On the Git mailing list, Patrick Steinhardt wrote (reply to this):

On Mon, Oct 09, 2023 at 02:49:14PM -0700, Victoria Dye wrote:
> Patrick Steinhardt wrote:
> > On Fri, Oct 06, 2023 at 06:09:25PM +0000, Victoria Dye via GitGitGadget wrote:
> >> While investigating ref iteration performance in builtins like
> >> 'for-each-ref' and 'show-ref', I found two small improvement opportunities.
> >>
> >> The first patch tweaks the logic around prefix matching in
> >> 'cache_ref_iterator_advance' so that we correctly skip refs that do not
> >> actually match a given prefix. The unnecessary iteration doesn't seem to be
> >> causing any bugs in the ref iteration commands that I've tested, but it
> >> doesn't hurt to be more precise (and it helps with some other patches I'm
> >> working on ;) ).
> >>
> >> The next three patches update how 'loose_fill_ref_dir' determines the type
> >> of ref cache entry to create (directory or regular).
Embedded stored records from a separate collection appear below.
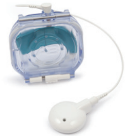
Бокс AquaCase™ для речевого процессора Naída CI

Бокс AquaCase — первый и единственный в мире водонепроницаемый аксессуар для процессора, рассчитанный на неограниченный срок использования
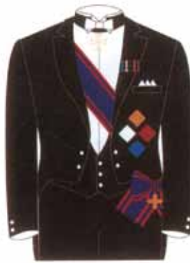
Frac da cerimonia
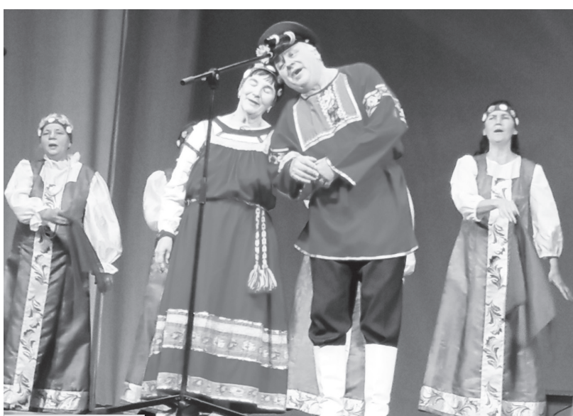
• Хор «Белореченька»
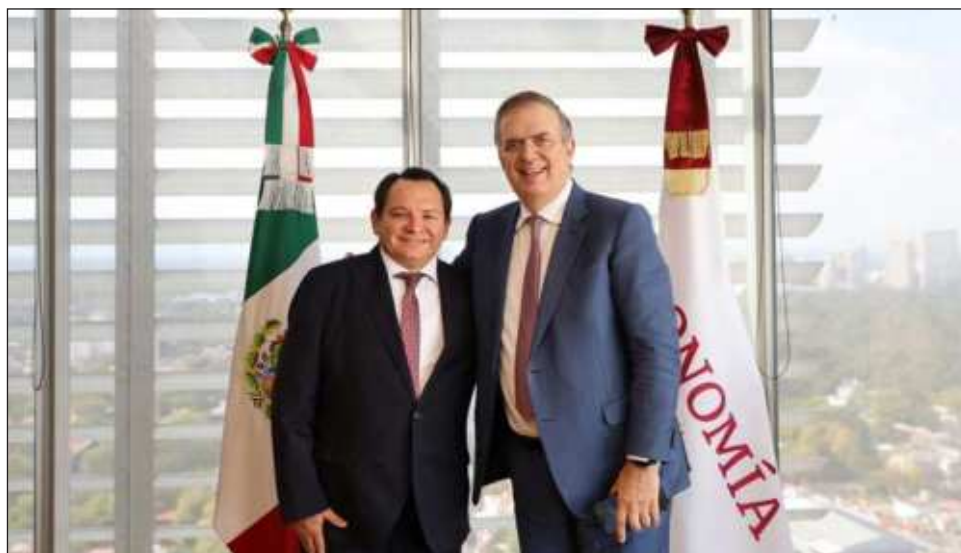
▲ El gobernador Joaquín Díaz Mena se reunió en la CDMX con Marcelo Ebrard y Mario Delgado, secretarios federales de Economía y Educación Pública, respectivamente.

"El Renacimiento Maya es una visión de futuro para Yucatán, que busca transformar nuestro estado a través de la generación de oportunidades, el fortalecimiento
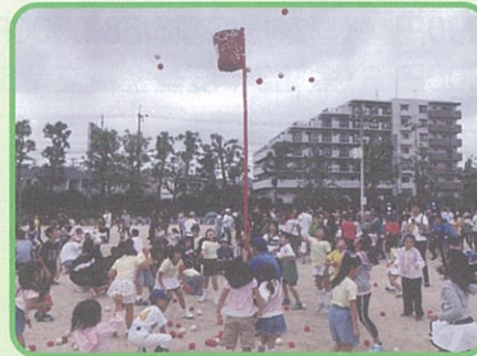
④市民レクリエーション (石橋南小学校) (10月実施)
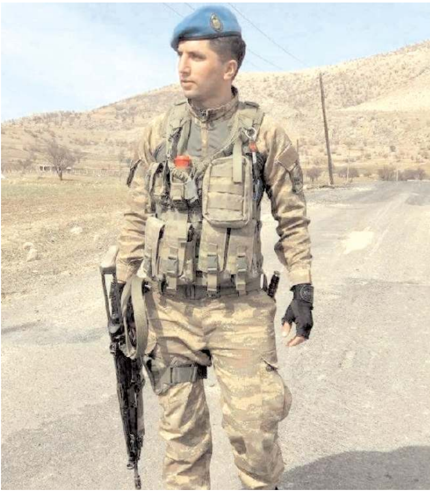
Operasyon Lice-Bayırılı-Koçmarin ve Sağlık Mahallesi kırsalında yapıldı.
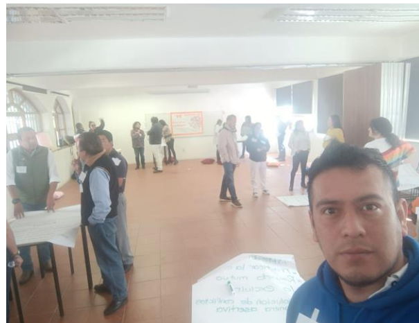
Presentación del violentometro 08 de marzo de 2024 “día internacional de la mujer”.
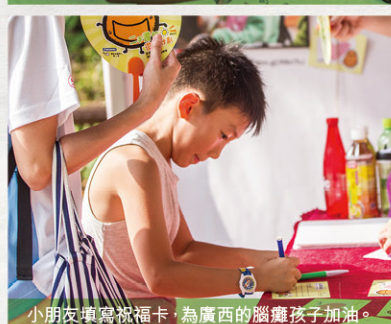
小朋友填寫祝福卡，為廣西的腦癱孩子加油。
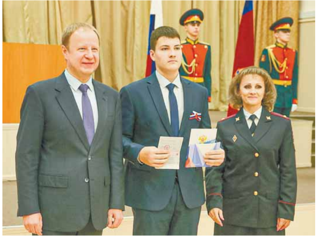
Торжественная церемония вручения паспорта запомнится ребятам навсегда.

– На Алтае растет «Движение Первых» – при поддержке федеральных властей и лично Президента РФ молодые люди по всей стране получают возможности для развития своих талантов, – отметил глава региона. – С удовольствием лично принимаю участие в различных мероприятиях движения, поддерживаю наших ребят! «Хранители истории» – это новый проект движения, направленный на изучение исторического пути нашей Родины, сохранение традиций и воспитание патриотизма.
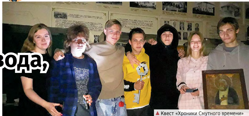
▲ Квест «Хроники Смутного времени»

А началась она с интерактивной детской части – народным праздником осеннего календаря «Кузьминки». В народе говорят: «Как реки морозцем сковывают святые бессребреники Косма и Дамиан, так и счастье куют, радость дарят, здоровье правят!» Юные гости, что пришли на «Кузьминки», узнали много интересного про обычаи и традиции, про древние ремесла, выяснили смысл поговорки «Кузнец – всем ремеслам отец», играли в народные игры. Ох, до чего же теплыми вышли посиделки!
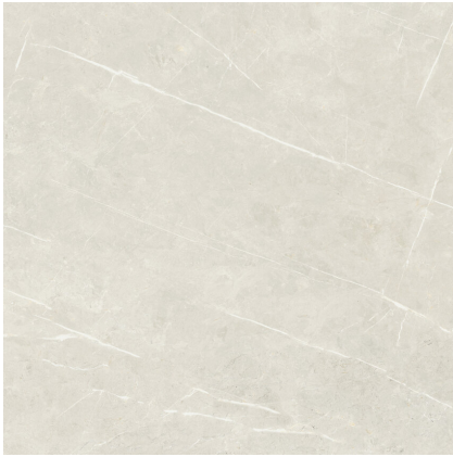
TESSINO IVORY PULIDO PR8080P
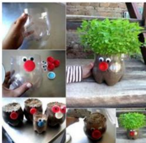
ΦΑΤΣΟΥΛΕΣ ΜΕ ΜΑΛΛΙΑ...ΠΟΥ ΜΕΓΑΛΩΝΟΥΝ
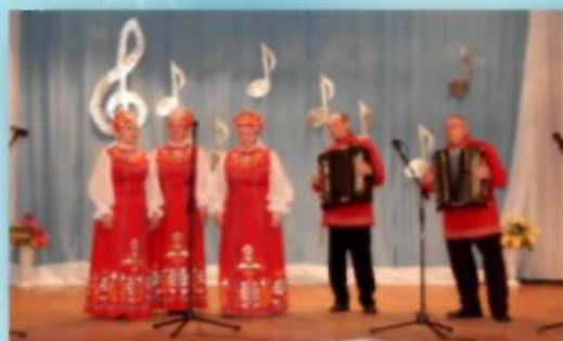
Народный коллектив «Родники» Боровского СДК
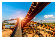
Riciclaggio e estrazione mineraria
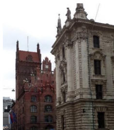
OLG München Gerichtsärztlicher Dienst
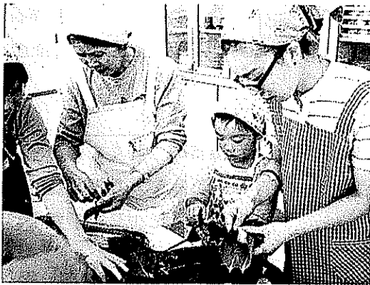
笹団子作っておいしくたべちゃお(教育文化部会)H20.10.19 黒埼南小
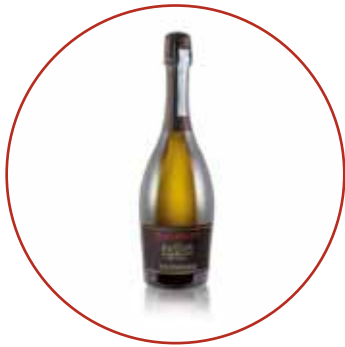
Prosecco Villa de Claricini € 7,50
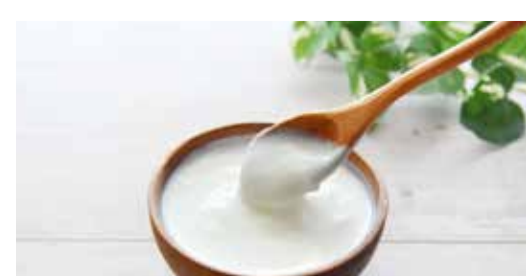
ヨーグルトに 混ぜて
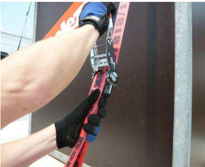
Abb. 4: Spannen durch Auf- und Abwärtsbewegungen des Handgriffs, bis die gewünschte Vorspannkraft erreicht ist. Ratsche nach dem Spannen schließen.
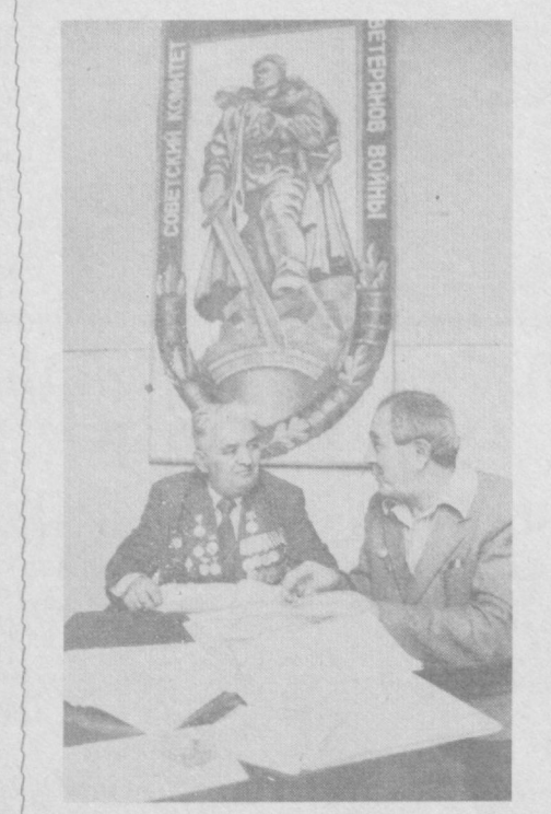
Буёқ Галабининг 40 йиллигига тайёрларлик даврида уруш ветеранлари Тошкент секцияси Совети комитети ишлари қиоғини наллага кирди.

СУЗИШ Америка Қўшма Штатларининг Фейетвилл шаҳрида сузиш бўйича калхоро мусобақалари бўлиб ўтди.
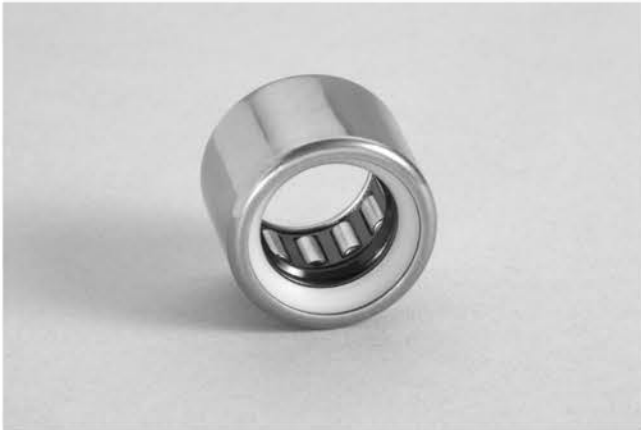
Rodamiento de directa
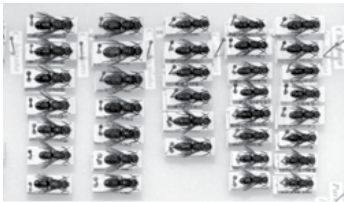
Blyskavky zo zbierky hmyzu Miroslava Kupca.

Hedychrum . Sú zaujímavé tým, že na rozdiel od iných blyskaviek, majú pomerne tvrdé kladieľko so skrytým žihadlom, ktorého bodnutie môže byť do istej miery citelné aj pre človeka.
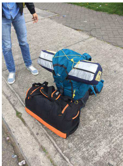
Figura 5. Inicio de Viaje de Campo. Autoría Propia.

A la llegada, se realizó un recorrido de aproximadamente 500 metros desde donde el transporte hace la parada hasta el ingreso al municipio. Se evidencio que para los turistas encontrar un restaurante donde vendan desayuno o una cafetería es un poco complicado pues se tuvo que realizar un recorrido aproximado de 10 minutos y solo se encontró una cafetería y un pequeño local comercial de características pintorescas pero acogedoras, este lugar se llama Los Montañeritos en el cual el menú que se encuentra disponible es huevos (batidos tipo ommelet o la típica changua), esto acompañado de variedad de pan y una bebida caliente por un valor de 3.000 pesos COP, el menú que se consumió fue el siguiente:

On platforms that
> >> include d_type information in 'struct dirent' (as far as I can tell, all
> >> except NonStop & certain versions of Cygwin), this allows us to skip calling
> >> 'stat'. In ad-hoc testing, this improved performance of 'git for-each-ref'
> >> by about 20%.
> > 
> > I've done a small set of benchmarks with my usual test repositories,
> > which is linux.git with a bunch of references added. The repository
> > comes in four sizes:
> > 
> > - small: 50k references
> > - medium: 500k references
> > - high:  1.1m references
> > - huge: 12m references
> > 
> > Unfortunately, I couldn't really reproduce the performance improvements.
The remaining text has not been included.